- _YOUR INSTRUCTIONS_: Print the listing exactly as it stands, and skip any pictures in it.

- _DATA PROVIDED_:
⟨
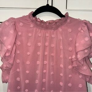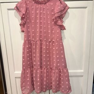 Charming pink dress with ruffle sleeves. Features a textured polka dot pattern. Perfect for casual outings.
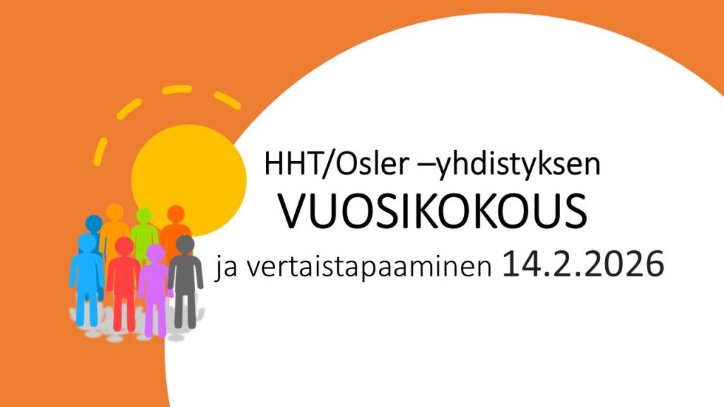 Tervetuloa Suomen HHT/Osler -yhdistyksen vuosikokoukseen lauantaina 14.2.2026 kello 12.00. Kokous järjestetään hybridinä Järvenpäässä, Ravintola Huvilassa, osoitteessa Sibeliuksenkatu 5, Järvenpää. Kokoukseen on mahdollista osallistua myös etänä Teams-sovellusta käyttäen.
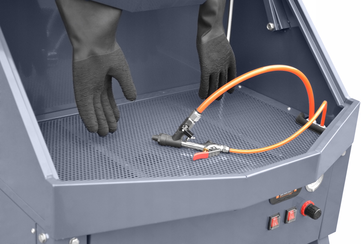 Промивання здійснюється в замкнутому контурі з використанням мийної рідини, нагрітої до температури до 70 градусів за Цельсієм. Препарат випускається з сопла пістолета під тиском до 8 бар, завдяки чому він ретельно очищає важкодоступні місця і сильно забруднені частини від нагару, жиру або масла. І температура, і рідина підвищують ефективність прання. Має регульовані ніжки, рівень регулювання.
⟩
- _ANSWER TO THIS EXERCISE_:
 Charming pink dress with ruffle sleeves. Features a textured polka dot pattern. Perfect for casual outings.
 Tervetuloa Suomen HHT/Osler -yhdistyksen vuosikokoukseen lauantaina 14.2.2026 kello 12.00. Kokous järjestetään hybridinä Järvenpäässä, Ravintola Huvilassa, osoitteessa Sibeliuksenkatu 5, Järvenpää. Kokoukseen on mahdollista osallistua myös etänä Teams-sovellusta käyttäen.
 Промивання здійснюється в замкнутому контурі з використанням мийної рідини, нагрітої до температури до 70 градусів за Цельсієм. Препарат випускається з сопла пістолета під тиском до 8 бар, завдяки чому він ретельно очищає важкодоступні місця і сильно забруднені частини від нагару, жиру або масла. І температура, і рідина підвищують ефективність прання. Має регульовані ніжки, рівень регулювання.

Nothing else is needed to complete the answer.